I have to chuckle.. if anyone remembers my woes with putting Brooklyn in the loft for the first time. Man oh man. It wasn't him I was worried about... Boy did he take out his frustration on being "kicked out" of the house on the other birds. 

Brooklyn was a hand raised feral, lived in the house with me for three years (even showered with me and slept in my bed in a special made little "pij-bed"). Putting him in the loft he protested by hanging on the windows and flapping furiously to let me know he wanted back inside the house. When the loft was open, he flew right in the nearest open door or window and stomped around the house infuriated and irate. 
He bullied the other birds mercilessly, and received many well deserved "Time Outs" in his new nest box. 

It took him a while but he did fine.

All the babies I've hand raised in the house since then over the last few years have also integrated just fine back into the loft with no intervention from me, and all have remained tame and friendly, will come when their name is called, and love being snuggled and cuddled in the house when it's their turn.

Brook is still reigning Loft Boss, and still as tame and loving a companion bird as always, even though he now has a mate and raises berliner and ancient babies for me.

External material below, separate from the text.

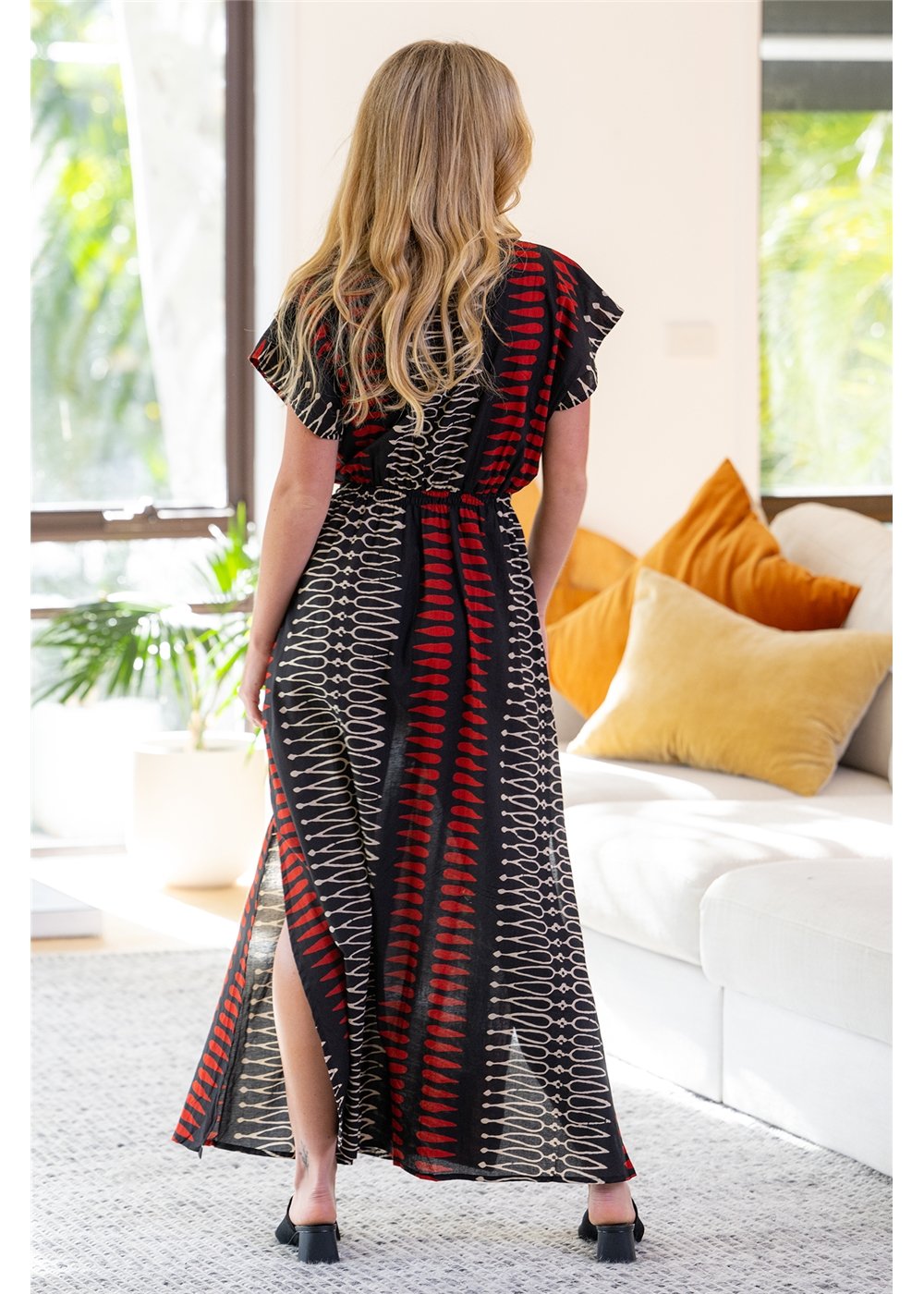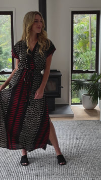 Yindi Cotton S/Sleeve Dress in a straight maxi style.

I think you have to play it by ear as far as how much you need to monitor and be involved, but it's untrue that tame birds can't fare beautifully in a loft environment.


----------



## Charis (Feb 11, 2007)

karijo said:


> I have to chuckle.. if anyone remembers my woes with putting Brooklyn in the loft for the first time. Man oh man. It wasn't him I was worried about... Boy did he take out his frustration on being "kicked out" of the house on the other birds.
> 
> Brooklyn was a hand raised feral, lived in the house with me for three years (even showered with me and slept in my bed in a special made little "pij-bed"). Putting him in the loft he protested by hanging on the windows and flapping furiously to let me know he wanted back inside the house. When the loft was open, he flew right in the nearest open door or window and stomped around the house infuriated and irate.
> He bullied the other birds mercilessly, and received many well deserved "Time Outs" in his new nest box.
> ...


I don't think anyone was saying that, karijo. What we were saying is that new comers, that have no concept of being a pigeon, need to be introduced with care.


----------



## eakmarty (Sep 4, 2011)

hi Betty, 
I have been on vacation so am just seeing your post. Since my initial post a few things have happened. While I was on vacation I had a friend watch Marty. She got a white female homer to keep him company. She has some bird connections I guess. I think he is a he, he coos to his new friend (mate?) often. He is doing well with this new friend and seems to be adapting well to just being a bird. I was worried about his awareness of his own birdness since he was handraised but I no longer am. Are you still interested in him and now his new friend, I don't feel I can seperate them ? Is there opportunity for flight, he likes to stretch his wings. I live in a suburb of metro detroit and would be happy to drive to you. 

I wanted to insert picture but can't find an easy way to do it. Can anyone tell me.


----------



## bettyruger5 (Sep 26, 2011)

Hi Eakmarty
That's so sweet that he has a girlfriend! The 2 Homers in my new loft had never met, but they paired right up-wow is it sweet to see all the affection they give each other. My chickens and ducks definately don't act like that! LOL
Anyway, I'd still be glad to have them, if you can get them here, even better. That way you could see my loft too. The pidgies seem to like it-plenty of room to fly. I'll send you a private mail with my phone number if I can figure out how to do it. I'm new here too.


----------